In any case where the law does not preclude a remedy, equity will follow the law as far as the law goes, and if the law stops short in securing the rights of the parties. equity will continue the remedy until complete justice is done. Senter v. Propst, 190 Miss. 190, 207, 197 So. 100 (1940); Griffith, § 40, p. 42, fn 33a.
The maxim has even been interpreted so that a transaction that is invalid at law may be cognizable in equity. In Coffey v.
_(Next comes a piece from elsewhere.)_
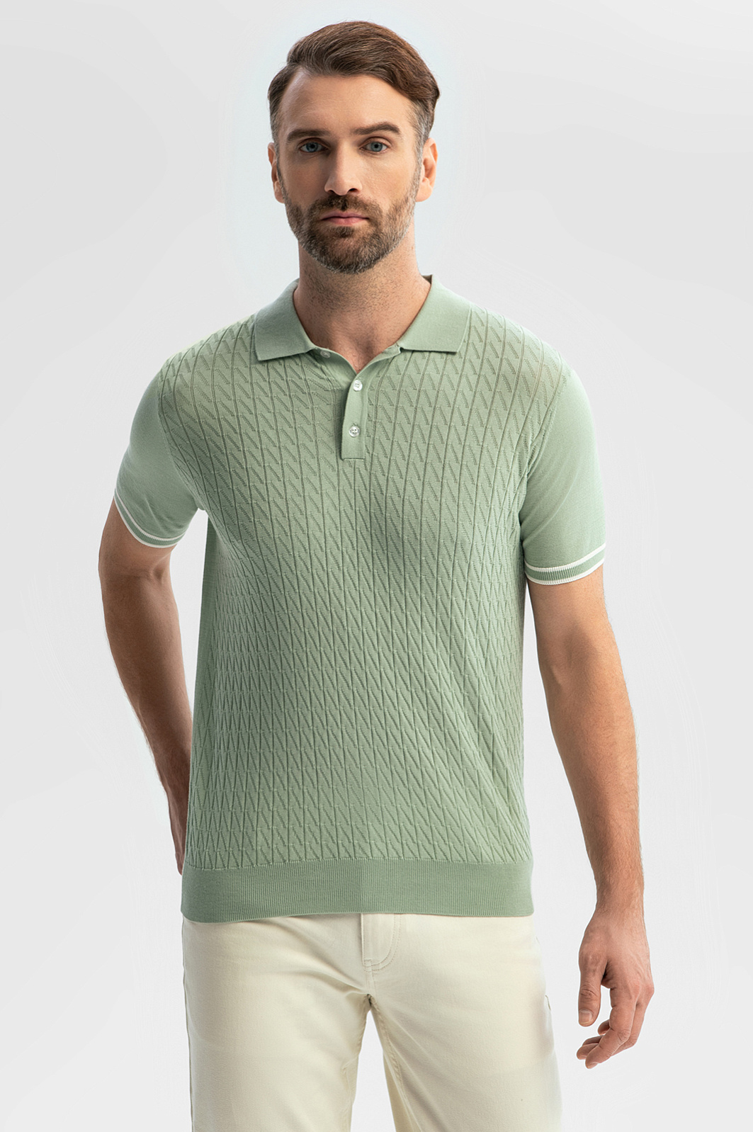 Поло KANZLER в благородном оливковом оттенке — симбиоз утонченного стиля и комфорта. Для создания модели выбрали премиальный хлопок Пима — уникальный материал, обладающий повышенной прочностью, легкостью и шелковистой фактурой. Мягкие гипоаллергенные волокна сохраняют цвет и форму на протяжении долгого времени — благодаря долговечности поло станет инвестицией в гардероб. Изысканный фактурный узор придает модели глубину и индивидуальность. Вертикально направленные полосы формируют стройный силуэт и визуально вытягивают фигуру. Дополните модель светлыми брюками для создания запоминающегося образа. Параметры модели: рост 189, 102-80-99 Размер на модели: M

Land, 176 Miss. 114, 120, 167 So. 49, 50 (1936), the Mississippi Supreme Court, with Justice Griffith himself writing, addressed the principle in a case involving mortgages on future crops, the statute providing for which had been repealed:
“Whenever it is declared under any long line of judicial precedents that a transaction is invalid at common law and yet is valid and enforcible in equity, it will be found that the distinction is preserved out of consideration of the fact that if such a transaction were bound up in the inflexible rules of the common law, injustice and hardship and general insecurity might result, whereas, if left to equity with its broader and more flexible powers and processes, a more perfect justice may be attained and the general security better served. We shall later herein seek by illustration to show that this is precisely the case as to annual crops to be produced in subsequent years. And as to any advancements made under our decisions, on the precise subject now under discussion beyond the strict bounds of the ancient common law, we would call attention to the fact that the common law is not an institution of exact and unchangeable rules, but is a system which progresses so as to accord with the general customs, usages, habits, and necessities of the people of the state, so far as agreeable to justice and reason; and this is at the same time to say that no court may, under the notion of making progress under the common law, pronounce any rule as being an allowable advancement upon the ancient common law rule, when the effect of it would be mischievous in its operation, contrary to the substantial interests of our people, and which in its tendencies would be subversive of their freedom.”
I am willing to concede that a decision like Coffey is a rare result, but it demonstrates the scope and power of equity vis a vis the law. It presented one of those infrequent occasions where ” … some countervailing, dominant, and equally well established equitable principle …” intervened and trumped the common law.
The spirit of equity is to ensure that justice is done.